The second Sherlock Holmes film directed by Guy Ritchie–“Sherlock Holmes: A Game of Shadows“–recently appeared in theaters, starring Robert Downey, Jr. and Jude Law as Holmes and Watson, respectively. While some critics have not liked the more action-oriented approach toward Holmes’s character that Downey brings to the role, I’ve accepted it for what it is and concur with Roger Ebert in the overall positive assessment of this second installment and find that it offers a reasonably satisfying blend of the cerebral and the physical. (Though I should note that I really prefer the somewhat updated, yet still rather traditional, life that Cumberbatch and Freeman breathe into the roles in the BBC’s brilliantly done Sherlock series.)
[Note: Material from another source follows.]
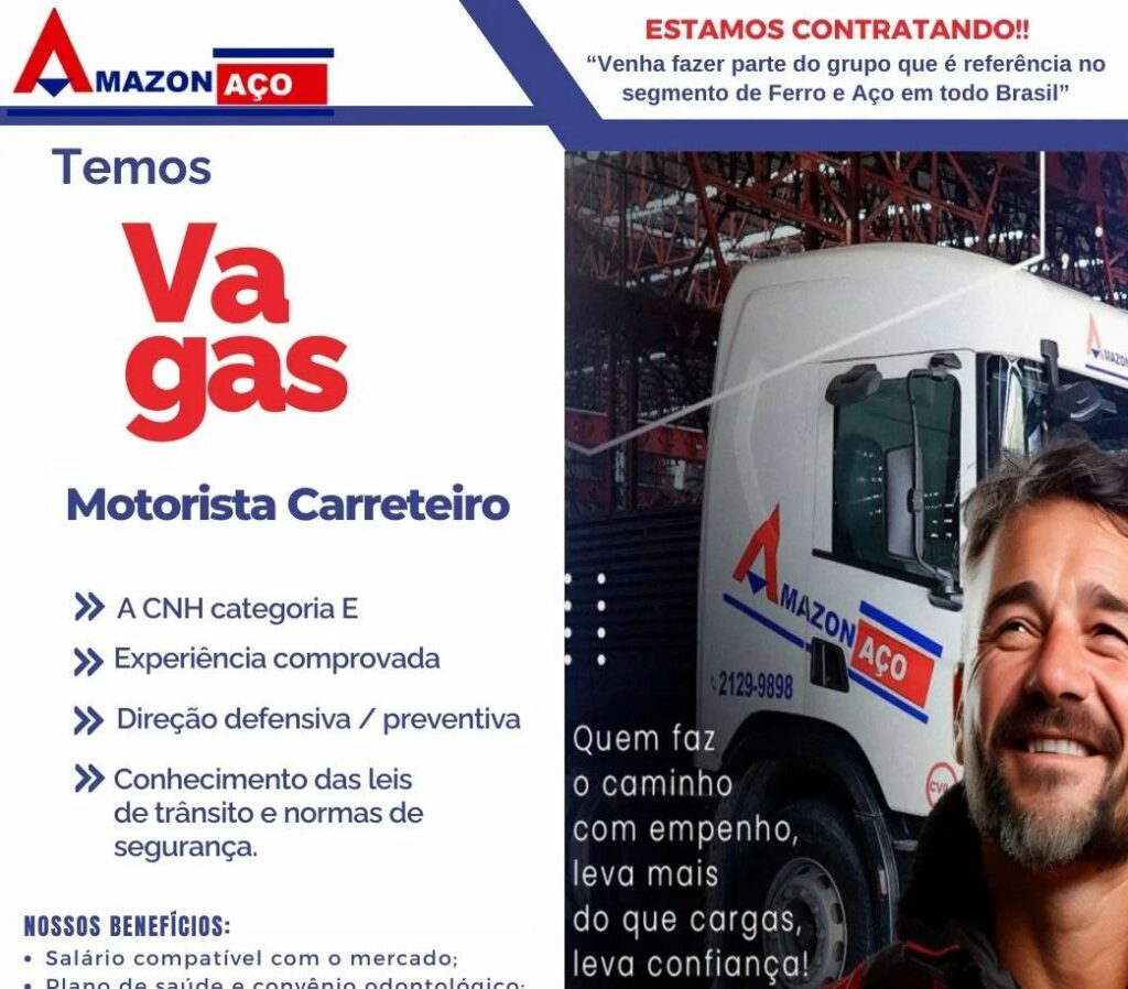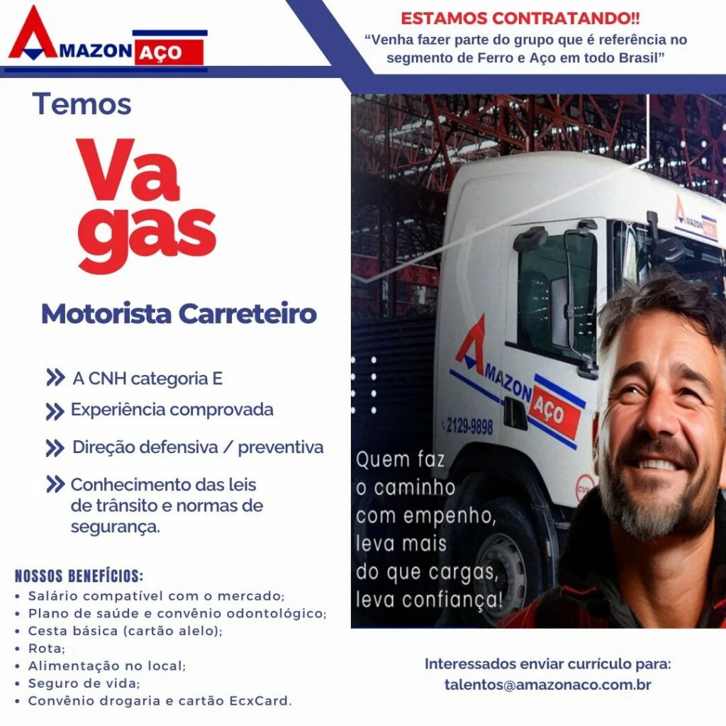 Amazon aço está selecionando Motorista carreteiro; Envie seu currículo!

Especially valuable are the dramatic scenes where Holmes and Moriarty, in classic form, match wits. There is a wonderfully set chess match between the two that parallels the action. One of the things I like most about this film takes us back to a theme that Mr. Pond explored in an earlier post on villians, doubles, and shadows. The conflict between good and evil without is palpably present, as is the parallel conflict within as part of the human condition. Moriarty reminds Holmes of both just when Holmes thinks he’s on the brink of “winning this round.” The entire film is, indeed, a “game of shadows” both in content and visual representation.
I’ll say no more, since I’m keen to hear what all of you fellow Sherlockians think. Have you seen the film? Liked it? Disliked it? Don’t plan to see it? Why?